18 Het gordijn voor de ingang van de omheining was een veelkleurige geweven stof van blauw, paars en rood draad en fijn linnen. Het was 20 el (9 m) breed en 5 el (2,25 m) hoog, net zoals de doeken van de omheining. 19 De vier palen om die gordijnen aan op te hangen en de vier voetstukken van die palen waren van koper. De haakjes en de dwarsstangen waren van zilver. De bovenkant van de palen was bedekt met zilver.

20 Alle pinnen voor de tent en voor de omheining rond de tent waren van koper.

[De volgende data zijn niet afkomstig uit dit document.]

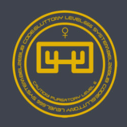 徽章上的文字:LEVEL:666 SYSTEM:BELZEBUBCODE:GLUTTONY CAUTION! PURGATORY LEVEL 6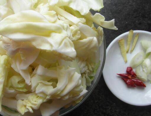 牛心包菜洗净后,手撕成小片,备好葱、姜、辣椒。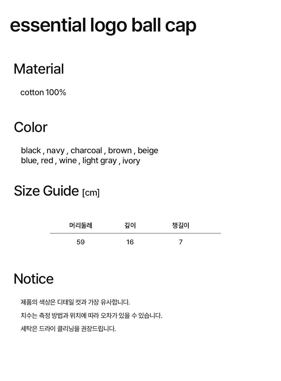 NOI1845 에센셜 로고 볼캡 (10color)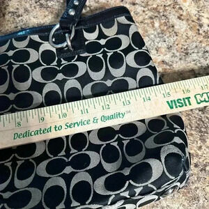 This Coach Penelope Signature C shoulder bag is a stylish addition to any outfit. The black canvas and leather exterior with buckle and strap accents make it a perfect choice for travel, casual outings, and business meetings. The bag has a medium size, with a width that can be seen in the pictures, and a height that is also in the pictures. The bag features double handles with a 8" drop, and a magnetic and snap closure.

Wat het heiligdom gekost heeft

21 Mozes heeft de Levieten laten uitrekenen wat de tent met de kist met de platte stenen van het verbond van God heeft gekost. Dat gebeurde onder leiding van Itamar, de zoon van de priester Aäron. 22 Bezaleël, de zoon van Uri, die een zoon was van Hur uit de stam van Juda, maakte alles wat de Heer aan Mozes had bevolen. 23 Hij werd daarbij geholpen door Aholiab, de zoon van Ahisamach uit de stam van Dan. Aholiab was een vakman en kunstenaar. Hij weefde stoffen van blauw, paars en rood draad en fijn linnen.

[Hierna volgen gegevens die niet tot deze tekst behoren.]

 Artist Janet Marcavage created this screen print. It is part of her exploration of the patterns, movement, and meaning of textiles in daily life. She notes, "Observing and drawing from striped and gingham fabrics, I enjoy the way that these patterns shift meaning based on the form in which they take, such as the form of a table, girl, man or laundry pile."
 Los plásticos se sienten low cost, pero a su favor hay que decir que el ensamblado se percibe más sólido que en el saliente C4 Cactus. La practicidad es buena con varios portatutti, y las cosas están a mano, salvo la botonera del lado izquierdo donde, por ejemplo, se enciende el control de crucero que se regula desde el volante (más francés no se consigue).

24 Het goud dat werd gebruikt, werd eerst als beweeg-offer aan de Heer gegeven. In totaal was het 29 talenten en 730 sikkels (totaal 878 kilo) (gemeten met de sikkel die in het heiligdom wordt gebruikt). 25 Het zilver van de getelde mannen van het volk was 100 talenten en 1775 sikkels (totaal 3195 kilo) (gemeten met de sikkel die in het heiligdom wordt gebruikt). 26 Iedereen die bij de getelde mannen behoorde, dus de mannen van 20 jaar en ouder, betaalde 1 beka (5½ gram) per persoon. Dat is een ½ sikkel (gemeten met de sikkel die in het heiligdom wordt gebruikt). Het ging om 603.550 mannen. 27 Er werden 100 talenten zilver (3000 kilo) gebruikt om alle voetstukken te maken. Er werden 100 voetstukken gemaakt, van 100 talenten. Dus 1 talent (30 kilo) per voetstuk. 28 De rest van de 1775 sikkels zilver gebruikte hij om haakjes voor de palen van te maken, de bovenkant van die palen te bedekken en alles aan elkaar te zetten. 29 Het koper van de beweeg-offers was 70 talenten en 2400 sikkels (totaal 2126 kilo). 30 Daarvan maakte hij de voetstukken voor de ingang van de tent van ontmoeting, het koperen altaar voor de brand-offers met het rooster dat erbij hoorde, alle dingen die bij het altaar horen, de voetstukken van de omheining, 31 de voetstukken van de ingang van de omheining, alle pinnen van de tent en alle pinnen van de omheining rond de tent.